A l’époque , j’avais un collègue réceptionniste de l’hôtel Dorint dont la cousine , Est Allemande étudiait l’archéologie à Berlin Est . J’avais profité d’une visite à la célèbre foire du tourisme ITB pour passer quotidiennement le contrôle de Check point Charlie . J’avais lu , pour me mettre dans l’ambiance , le célèbre roman de John Le Carré , l’espion qui venait du froid . Cette bible des romans d’espionnage évoque la guerre froide . « Betina » avait eu la gentillesse de m’introduire dans ce milieu fermé des étudiants « mal endoctrinés » par le régime . C’est un monde de silence que je découvrais . Car personne ne parlait de façon ouverte .Et pourtant ces quatre jeunes étaient rassurés de rester entre eux . Je ne pouvais pas les rencontrer en public sans risquer de leur faire du tort . Parler à une personne de l’ouest était mal vu . Ils m’avait dit : « pour passer inaperçu , tu dois t’habiller de gris qui est la couleur de l’Est , tu ne dois pas sourire trop souvent , paraître avoir le temps , et avoir des chaussures usées sans fantaisie et mal cirées ». Ainsi , je n’ai rien entendu de subversif en quatre jours de visites quotidiennes . Nos brèves promenades , leur soliloque étaient ponctués de sourires sibyllins , de sous-entendus . Je me souviens que l’un d’entre eux s’appelait Oscar . Un jour nous sommes passés devant un magasin d’alimentation ou l’on faisait la queue . « Aujoud’hui , il y a des carottes , dit il , des tonnes de carottes. Nous avons à l’est tout les légumes et fruits que l’on peut désirer . Ainsi la semaine passée , vous auriez pu acheter des navets , des tonnes de navets . Malheureusement , il n’y avait pas de carottes la semaine passée et il n’y a pas de navets cette semaine … »

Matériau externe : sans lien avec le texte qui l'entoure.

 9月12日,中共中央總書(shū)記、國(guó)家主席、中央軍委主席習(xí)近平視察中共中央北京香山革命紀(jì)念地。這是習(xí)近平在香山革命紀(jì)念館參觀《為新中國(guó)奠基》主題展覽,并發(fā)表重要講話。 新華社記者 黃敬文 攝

Il n’y a rien d’étonnant que Berthold Brecht aie vécu à Berlin…
Une illustration de cette période ? Une enseignante la semaine passée m’a confié :
« J’avais étudié à Leipzig , je me suis installé à Berlin Est trois ans avant la fin du mur pour enseigner dans une école secondaire . Je n’avais pas vraiment d’aspiration politique , même si comme 70 % des gens j’aspirais à un changement . J’avais sans doute un caractère trop ouvert , je m’habillais parfois avec un peu de fantaisie , j’étais jugée excentrique . »
Peut être que cela déplaisait à certain . Le mur est tombé, tout à changer . Encore maintenant , je persiste pourtant à penser que tout n’était pas aussi mal qu’on le dit . En 1999 , j’ai eu la curiosité d’aller voir les rapports de la Stasi qui aurait pu me concerner . Il y avait eu 19 dénonciations pour les motifs les plus futiles ! - Elle parle souvent avec un collègue , ils ne semblent pas parler du travail .

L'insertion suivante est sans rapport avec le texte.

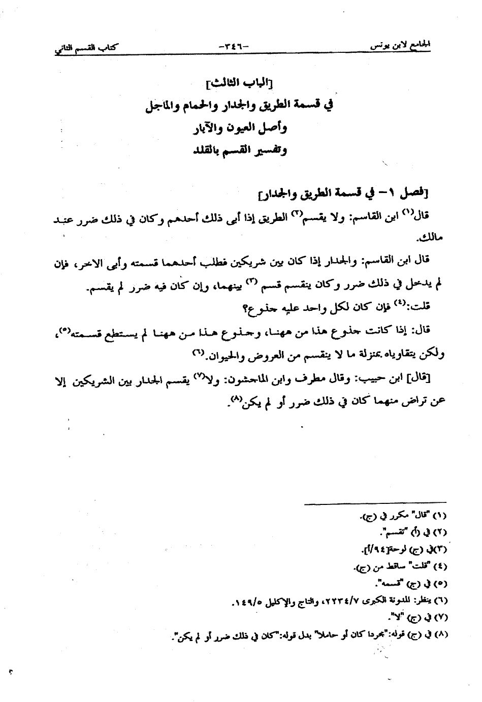 في قسمة الطريق والجدار والحمام والماجل]

- Elle a rencontré des gens bizarres dans le métro .
- Elle s’est habillée avec des couleurs pastelles le jour de la remise des
prix … »
Tout des gens qu’elle fréquentait quotidiennement …

Gaëtan Plein

Mes photos de 1987 à Berlin
Les vopos (garde est allemand)
Betina et moi (deux choses sont tombées entretemps , le mur et mes cheveux ;-)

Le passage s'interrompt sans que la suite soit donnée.